On the reciprocal relation between the direct and inverse orbital Hall effects

The reciprocal relation is a fundamental manifestation of the fluctuation-dissipation theorem for near-equilibrium transport phenomena. In orbitronics, the orbital Hall effect plays a pivotal role as it can be used to generate orbital currents. Its reciprocal counterpart, the inverse orbital Hall effect refers to a generation of charge current by gradient of orbital-dependent chemical potential, namely “orbital voltage”, which can serve as a mechanism to electrically detect orbital currents in orbitronic devices. In recent years, the orbital-to-charge conversion has been experimentally detected [1-5]. However, the theoretical description of the reciprocity between the direct and inverse orbital Hall effects is far from trivial because orbital currents are ill-defined and the orbital angular momentum is not conserved. We show that the reciprocal relation between charge and orbital transport can be rigorously established by adopting the definition of “proper” current proposed by Shi et al. [6], in which the non-conserving effect is considered. Based on the implementation in our first-principles codes, we present a detailed analysis of the direct and inverse orbital Hall effects in Pt(111) and W(110) thin films, prototypical systems used in experiments. We demonstrate that the reciprocal relation is exactly satisfied for the “total” responses. However, we find interesting features in “local” responses, especially near the surface, where the direct and inverse effects can significantly deviate from each other. We find its origin in the orbital Rashba coupling at the surface, in which the angular momentum transfer between the lattice and orbital degrees of freedom is strongly pronounced. We believe this explains the large inverse orbital Rashba-Edelstein effect measured in a recent THz spectroscopy experiment [1]. We discuss further implications of our finding and its relevance in various experimental setups.
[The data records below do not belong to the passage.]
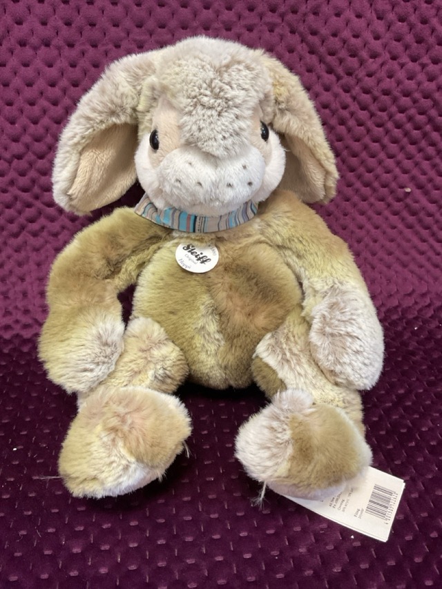 A Steiff soft bodied Schlenkerhase rabbit with striped bandana - 14.5in; and a small bunny with brown fur and felt lined ears - 8in. (2)
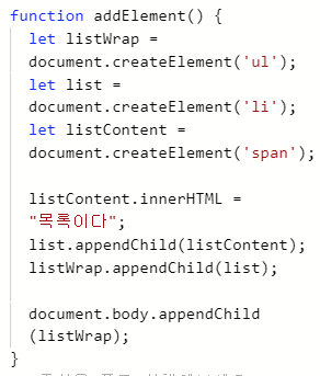 - 사용 이후에는 element.appendChild() 을 통해 html 파일 안에 어디위치로 갈지 정해줘야 한다.
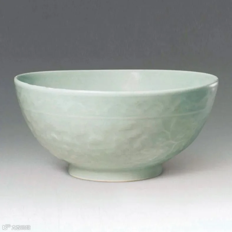 此件作品即为青釉器中的精品之作。拍品撇口,弧腹,圈足。造型秀美,修胎规整,全器内外满施粉青釉,釉面匀净光泽,釉汁肥腴,釉质细腻,光华内蕴,臻于纯美。外壁腹部模印一周缠枝花卉纹,纹饰清晰自然,布局繁而不乱,釉色随图案而深浅有致,富于动感,赏心悦目.
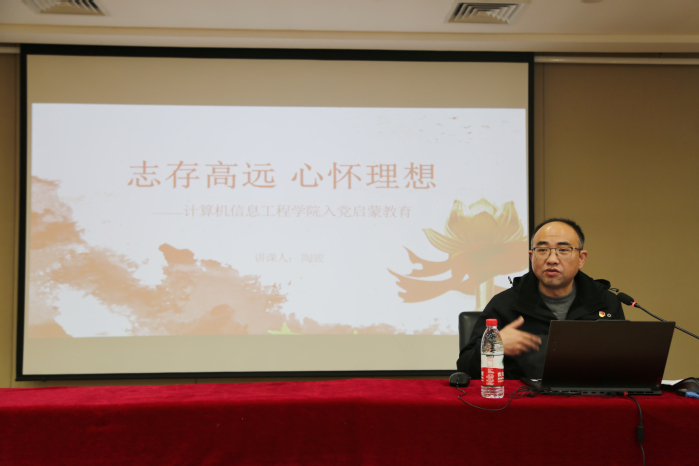 随后,陶骏以《志存高远,心怀理想》为题作入党启蒙教育专题讲座,他从中国共产党的基本知识、大学生为什么要积极入党、大学生应该怎样加入中国共产党三个方面,阐释了中国共产党的基本性质、指导思想、最终目标和现阶段任务等理论知识,解析了党的事业发展与青年知识分子的成长发展之间的密切关系,指导学生熟悉入党条件和发展流程。陶骏鼓励号召同学们积极加入中国共产党,作为新时代的大学生,他希望同学们牢记习近平总书记对青年的要求,立志做有理想、敢担当、能吃苦、肯奋斗的新时代好青年。
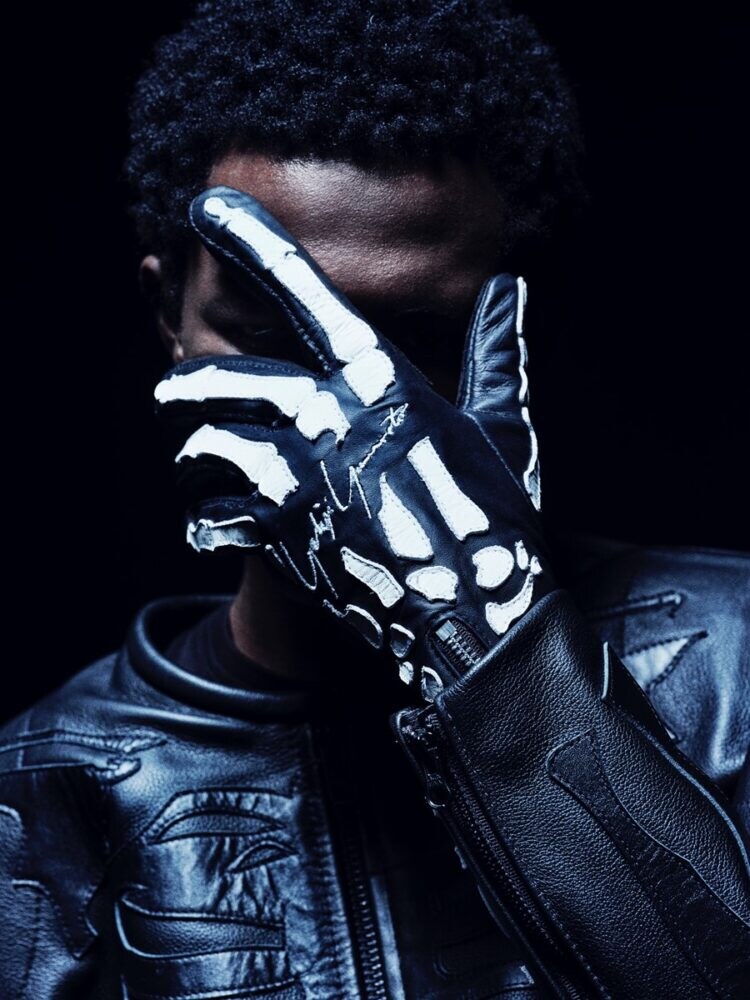 本コレクションでは、VANSONのクラシックなプロダクトをベースに、BONEデザインをYohji Yamamoto POUR HOMMEの視点から再構築したジャケット、バッグ、グローブを展開する。ジャケットはシングルライダースに立体的な骨モチーフのダブルレザーパネルを配置。カラーレスデザイン、フロントジップ、バックル、外ポケット、スリーブ肩位置のオーバルワッペンなど、VANSON伝統の仕様を採用している。BONE柄のトートバッグは、ハンドルの長さを調整し、フロント・バックパネルやレザーパッチの配置を変更した特別仕様。いずれのモデルにもBONEグラフィックとYohji Yamamotoのネームを施している。ジャケット購入者には限定ノベルティーとしてBONE TEE SHIRTを用意する。
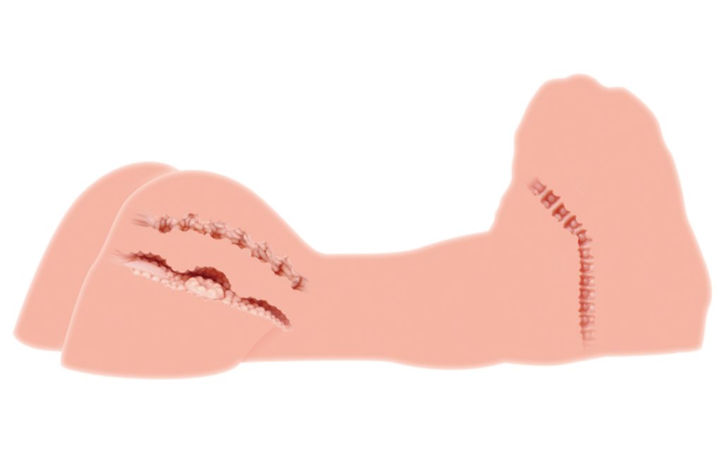 Realističen vhod v analno odprtino. Oblikovane izbokline, žlebičenje in celotna reliefna struktura danke so zasnovani tako, da se ob vsakem vašem potisku celotna odprtina stisne.

[1] T. Seifert, D. Go et al. Nat. Nanotechnol. 18, 1132 (2023)

[2] P. Wang et al. npj Quantum Mater. 8, 28 (2023).

[3] Y. Xu et al. arXiv:2208.01866 (2022).

[4] A. E. Hamdi et al. Nat. Phys. (2023). https://doi.org/10.1038/s41567-023-02121-4

[5] H. Hayashi and K. Ando, arXiv:2304.05266 (2023).

[6] J. Shi et al. Phys. Rev. Lett. 96, 076604 (2006).

[7] D. Go et al. Manuscript in Preparation.